Sans se laisser le temps de réfléchir, le chevalier vint poser les mains sur la mince couche de cheveux.

C’était le plus difficile à présent, car ce que Sarah lui avait enseigné requérait une compassion sincère, un amour désintéressé semblable à celui du Christ. Mais Daniel n’avait rien du Christ et il était tenté d’étrangler son persécuteur, ou de planter ses ongles dans son crâne. Il fallait essayer pourtant, car s’il donnait satisfaction à Victor rien qu’un temps, s’il se rendait indispensable à lui, il vivrait assez longtemps pour espérer un secours. Il ferma les yeux pour effacer de sa rétine l’image de Victor et pensa au jeune homme au bras brisé, Mathieu d’Arras, qui l’avait ému de pitié ; au sourire solaire qu’il lui avait adressé aussitôt sorti de sa fièvre. Au fur et à mesure que son cœur s’adoucissait, il sentait que son patient se détendait sous ses mains. Un tremblement qu’il n’avait pas tout à fait réalisé avait cessé, sa nuque avait ployé de façon infime, sa respiration avait repris. Finalement, à bout de résistance, Daniel laissa retomber ses bras. Vidé et de sa peur et de sa colère, l’épuisement le submergeait. Victor recula d’un pas. L’agitation nerveuse de ses traits avait cessé, les plis de son front s’étaient atténués. « Nous avons le même âge », réalisa Daniel, et cette pensée l’étonna.

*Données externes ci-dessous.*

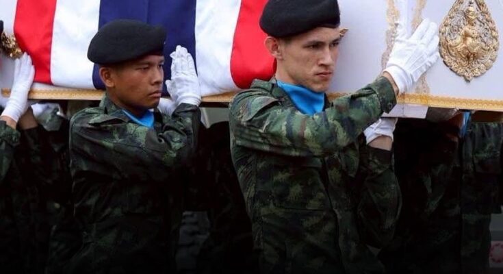 มทบ.25 จัดพิธีส่งศพ 3 ทหารกล้า สละชีวิตปกป้องอธิปไตย เหตุปะทะกัมพูชา
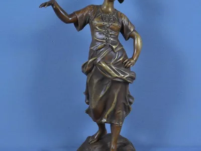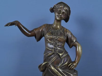Cette œuvre incarne l’esthétique sensible du XIXe siècle, entre réalisme poétique et stylisation décorative. Elle séduira les amateurs de sculpture figurative, d’art décoratif et de scènes de genre empreintes de charme.
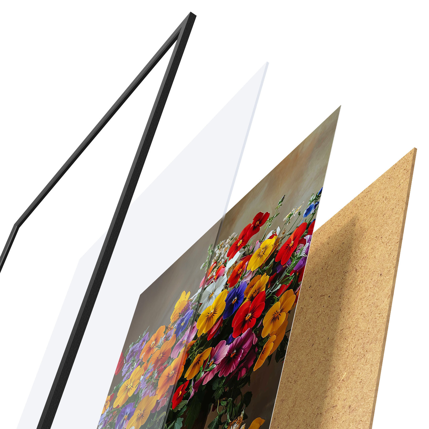 De poster bestaat uit een frame, plexiglas, geprinte afbeelding en spaanplaat achterkant. De poster kan meteen aan de muur worden gehangen dankzij de bevestigingen op de achterkant.
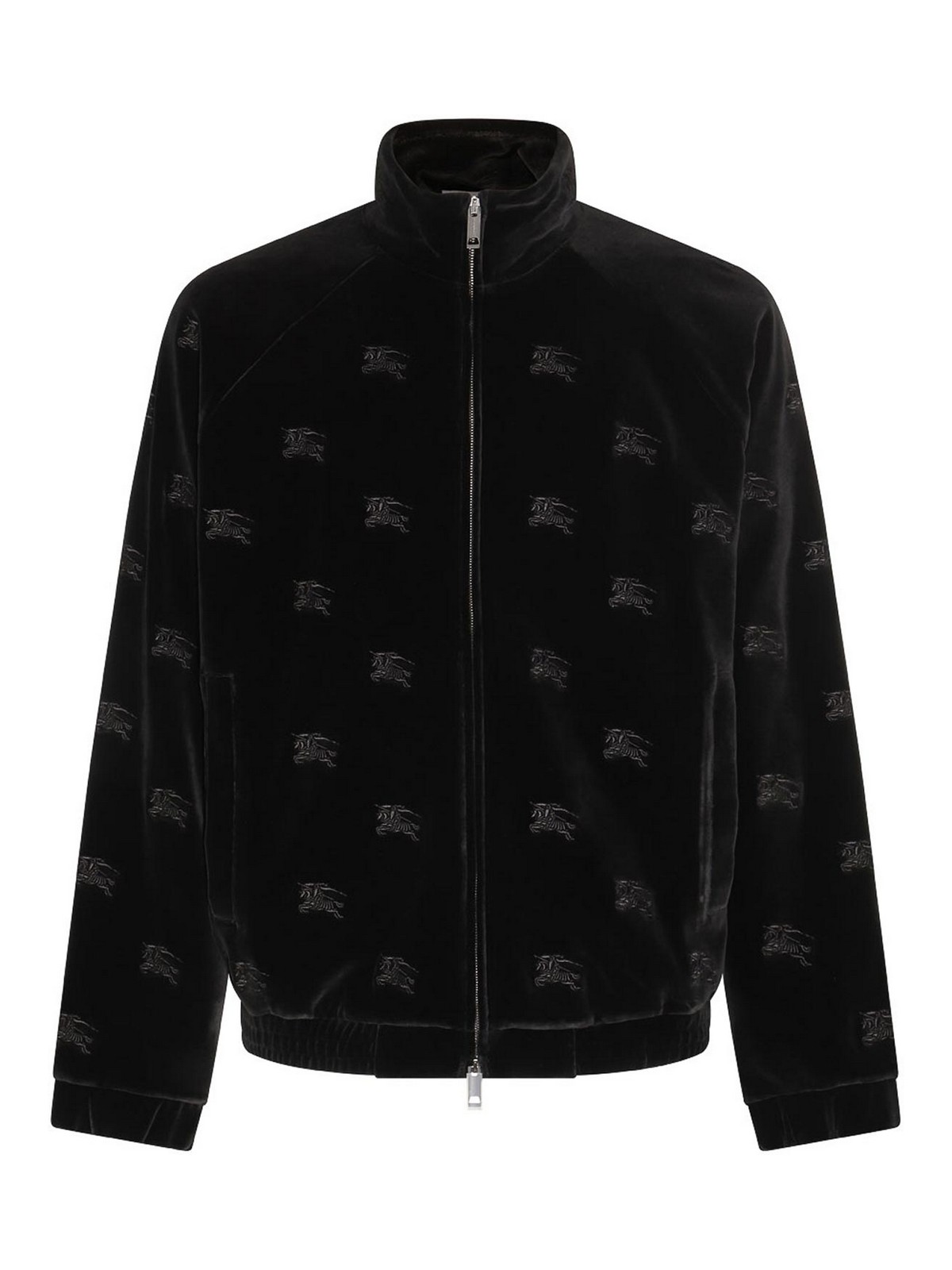 Veste duffer Dursley noire de Burberry dotée de manches longues, d'une fermeture éclair, d'un col haut, d'ourlets côtelés et d'un motif logo brodé ton sur ton sur ton sur l'ensemble du corps

Victor avait senti les mains de Daniel se crisper sur lui et un instant il crut avoir scellé son destin pour de bon ; Eric interviendrait trop tard. Pourtant nulle douleur, nulle obscurité ne s’ensuivit. Au bout d’un moment, au contraire, il eut une sensation comme si un vent frais venait balayer son visage et déplisser ses traits. La tourmente qui s’agitait incessamment sous son crâne s’était apaisée et il ressentit un calme comme il n’en avait plus connu depuis bien longtemps, qui ressemblait presque à de la sérénité. Une joie inespérée irradia son cœur : il ne s’était pas trompé. Cet enfant de sorcière avait le pouvoir de le délivrer du mal qu’il lui avait d’abord infligé ; était-il possible qu’il vît enfin la fin de son supplice ? Quand Daniel rompit le contact, il était si plein de cet espoir, si ému qu’il faillit le remercier. Puis il se rappela que son prisonnier était la cause de sa souffrance avant d’en être la rémission et la fierté lui clôt la bouche. Il n’était pas impossible que cet ensorceleur ne le soulageât provisoirement que dans l’espoir d’obtenir sa libération, sans que son mal fut vraiment guéri.

– C’est bien, Daniel, je te ferais revenir. Si je suis tout à fait guéri, je tiendrai mes promesses et tu seras libre.